Indice de Pascual Orozco y la revuelta de Chihuahua de Ramón Puente Capítulo Cuarto Capítulo SextoBiblioteca Virtual Antorcha

PASCUAL OROZCO
Y
LA REVUELTA EN CHIHUAHUA

Dr. Ramón Puente

CAPÍTULO QUINTO

La defección de las tropas. Orozco en los cuarteles. Escena en la Penitenciaría. Chihuahua en poder de los rebeldes. Los jóvenes de la buena sociedad se alistan en las filas.


Emociones de distinta naturaleza disfrutaba en aquellas horas memorables del dos al tres de marzo de mil novecientos doce, el ilustre general Pascual Orozco.
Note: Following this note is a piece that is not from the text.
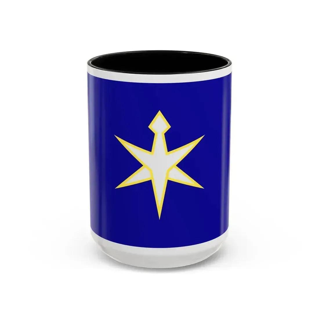 This Flag of Chiba Prefecture Japan Accent Coffee Mug is a unique way to celebrate Japanese culture in your daily routine. The mug showcases the official flag design of Chiba Prefecture, making it an excellent choice for individuals with a special interest in Japan or its regions. The graphic on the mug features the prefecture's symbol – a red kanji character for "Chiba" – elegantly embedded within a white field bordered by a stylized black wave. The design is both aesthetically pleasing and historically significant, providing a conversation piece for coffee enthusiasts or Japan admirers. Perfect for anyone who appreciates unique and cool drinkware.
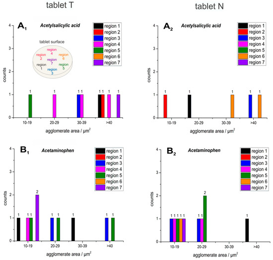 Histograms of the detected agglomerations of the API particles and their respective area sizes of acetylsalicylic acid (A1, A2), acetaminophen (B1, B2), which were detected across seven different regions (see the sampling pattern at A1) in the two tablets T (left column: A1, B1) and N (right column: A2, B2).

Como lo asentó en su cacareada renuncia, hecha en forma de Manifiesto a la Nación, sólo volvería al servicio de la Patria si el pueblo, el soberano entre los soberanos, según cordovina frase, así se lo pedía. El General sintió en esas horas solemnes, en ese momento de oro de su vida, que los habitantes todos del Anáhuac lo proclamaban caudillo encomendándole, a gritos, la sagrada misión de derribar el Gobierno de don Francisco I. Madero; se figuró que el Plan de San Luis Potosí, vuelto persona, le exigía con voz autoritaria que realizara y diera cumplimiento a sus promesas.

Orozco, sintiendo arder en su esforzado corazón la llama redentora de las revolnciones, se encaminó a los cuarteles donde ya lo esperaban ansiosos sus muchachos y les dijo, con palabra torpe, pero conmovida, que iba a ver quiénes eran los que querian seguirlo en la nueva lncha que tan arriesgada y noblemente iba a emprender, porque altos deberes de patriotismo así se lo exigían.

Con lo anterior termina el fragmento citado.